Let $n \geq 4$. How many labeled trees are there with $n$ vertices where vertex with label 1 has degree 3?

Question

So I'm a beginner to graph theory and really unsure how to approach this. I was thinking by counting Prufer codes, in which case you would want the second element in the Prufer code to be 3. So, it would be the number of Prufer codes where one of the labels are fixed at 3, so $n^{(n-1)-2}$ labeled trees?

Answer 1

First of all, you should probably draw out the cases $n=4,5$ by hand, and you'd see that your guess is wrong.

I'll assume we are counting unrooted trees. In that case, think about what happens if we remove the node with label $1$. Then we have a forest of $3$ rooted trees (the root is the node connected to $1$). You can probably count these a number of ways, but I'll show how I'd do it with generating functions / the symbolic method.

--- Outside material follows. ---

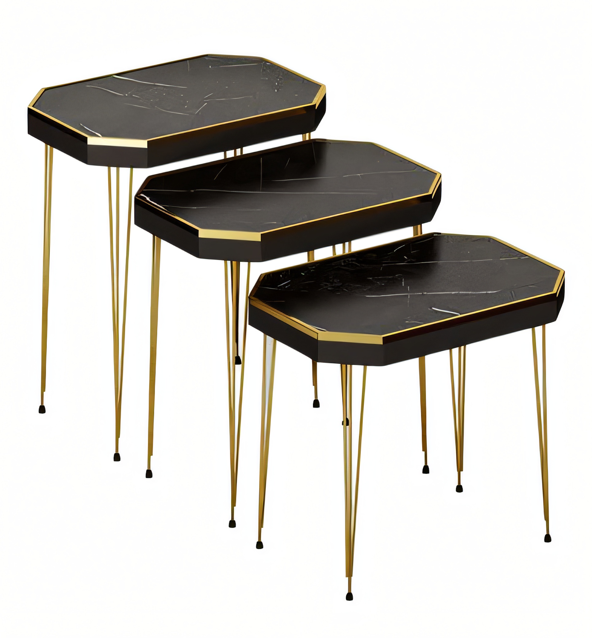 Die schwarzen Holz Beistelltische im modernen Design vereinen zeitlose Eleganz mit vielseitiger Funktionalität. Jedes Stück wird aus sorgfältig ausgewähltem Holz gefertigt, dessen tiefschwarze Oberfläche eine luxuriöse Ausstrahlung verleiht. Diese Tische sind nicht nur funktionale Begleiter, sondern auch stilvolle Akzente, die das Ambiente Ihres Zuhauses veredeln. Dank ihres minimalistischen Designs fügen sie sich harmonisch in jede Einrichtung ein und bieten gleichzeitig einen Hauch von Exklusivität. Ihre durchdachte Form und hochwertige Verarbeitung spiegeln den hohen Anspruch wider, den unsere Marke seit über 20 Jahren verkörpert. Wählen Sie diese Beistelltische für ein Lebensgefühl, das Anspruch und Stil perfekt vereint.

The EGF for rooted labeled trees satisfies $T(z)=ze^{T(z)}$ (because $\mathcal T = \mathcal Z\star SET(\mathcal T)$). Let $\mathcal F^{(k)}$ be the class of rooted $k$-forests. Then $$ \mathcal F^{(k)} = SET_k(\mathcal T) \implies F^{(k)}(z) = \frac{T(z)^k}{k!} $$ Now we can use Lagrange inversion / the Lagrange–Bürmann formula to get $F_n^{(k)}$, the number of $k$-forests with $n$ nodes. $[z^n]$ denotes the $n$'th coefficient in a series expansion. $$ \begin{split} F_n^{(k)} &= n![z^n] \frac{T(z)^k}{k!} \\ &= \frac{n!}{k!} [u^{n-1}]\frac 1n ku^{k-1} e^{nu} \\ &= \frac{(n-1)!}{(k-1)!} [u^{n-k}] e^{nu}\\ &= \binom{n-1}{k-1} n^{n-k} \end{split} $$ Wonderful! So the number you seek is equal to $F_{n-1}^{(3)} = \binom{n-2}{2}(n-1)^{n-4}$.